Скачать книгу "По берегам Черного моря" в формате PDF (46 Мб)
HTML-версия фрагмента книги (стр. 13—30):
...Мы прожили здесь целые сутки в ожидании морского парохода, почему-то запоздавшего, и только завтра утром отправляемся дальше. И хорошо, что мы оставляем Батум: это красивое, но грустное по своему разоренному виду, и нездоровое лихорадочное место.

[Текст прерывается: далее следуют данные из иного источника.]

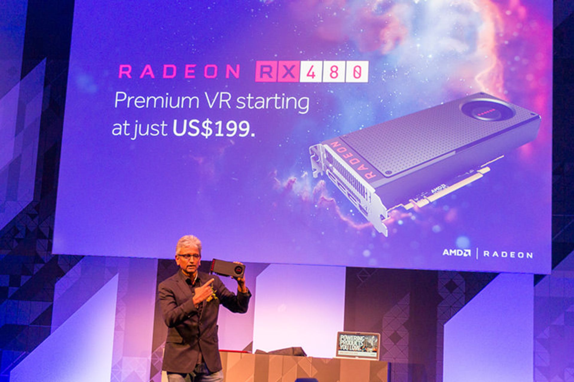 AMD کنفرانس جذابی را در نمایشگاه کامیپوتکس ۲۰۱۶ برگزار کرد. این شرکت مطرح حوزه‌ی سخت‌افزار، در استراتژی جدید کارت‌های گرافیک خود نه تنها گیمر‌های حرفه‌ای را در نظر گرفته، بلکه به دنبال مجهز کردن تمامی کامپیوتر‌ها با بازه‌های قیمتی مختلف به تکنولوژی واقعیت مجازی است. کارت گرافیک رادئون RX480 با معماری جدید پلاریس (Polaris) نیز در همین راستا عرضه خواهد شد. اما نکته‌ی مهم در رابطه با این کارت گرافیک توانمند، قیمت اندک ۱۹۹ دلاری آن است. RX480 توانایی پردازش بیشتر از ۵ ترافلاپس را به همراه دارد، این در حالی است که کارت گرافیک GTX 1070 انویدیا با توان پردازشی ۶ ترافلاپس، برچسب قیمت ۳۸۰ دلار دارد. هم‌چنین کارت گرافیک GTX 1080 با قیمت ۶۰۰ دلاری خود، توان پردازشی ۹ ترافلاپس را برای کاربر به ارمغان می‌آورد. تا به اینجا و روی کاغذ، کارت گرافیک جدید AMD توان پردازشی فوق‌العاده‌ای را نسبت به قیمت خود عرضه می‌کند.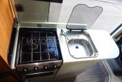 and oven beneath. There is a 3-way powered Dometic fridge with ice-box, upper

Прощай, покамест! В Сухуме или Феодосии буду опять писать тебе. Надеюсь, что ты довольна мною. Любящая тебя всей душой Нина.
II
4 мая. Между Батумом и Сухум-Кале.
...Я еще не рассказывала тебе, что в Батуме село к нам много новых пассажиров. Целая семья какого-то полковника Сельцева с двумя взрослыми дочерьми, с мальчуганом лет десяти, как видно, ужасным шалуном, и маленькой прелестной девочкой. Потом какая-то гурийская княжна или княгиня, в престранном костюме, с множеством мелких кос, распущенных из-под напутаннаго на голове, наподобие чалмы, вуаля, и с нею брат ее, очень; высокий, стройный гуриец в длинной чохе и шитой золотом папаноке (1) на таких пышно-курчавых волосах, что, кажется, будто бы у него надета мохнатая папаха. При них еще маленькая девочка абхазка, круглая сиротка, которую они подобрали на улице. История этой девочки такая трагическая, что я должна тебе ее рассказать.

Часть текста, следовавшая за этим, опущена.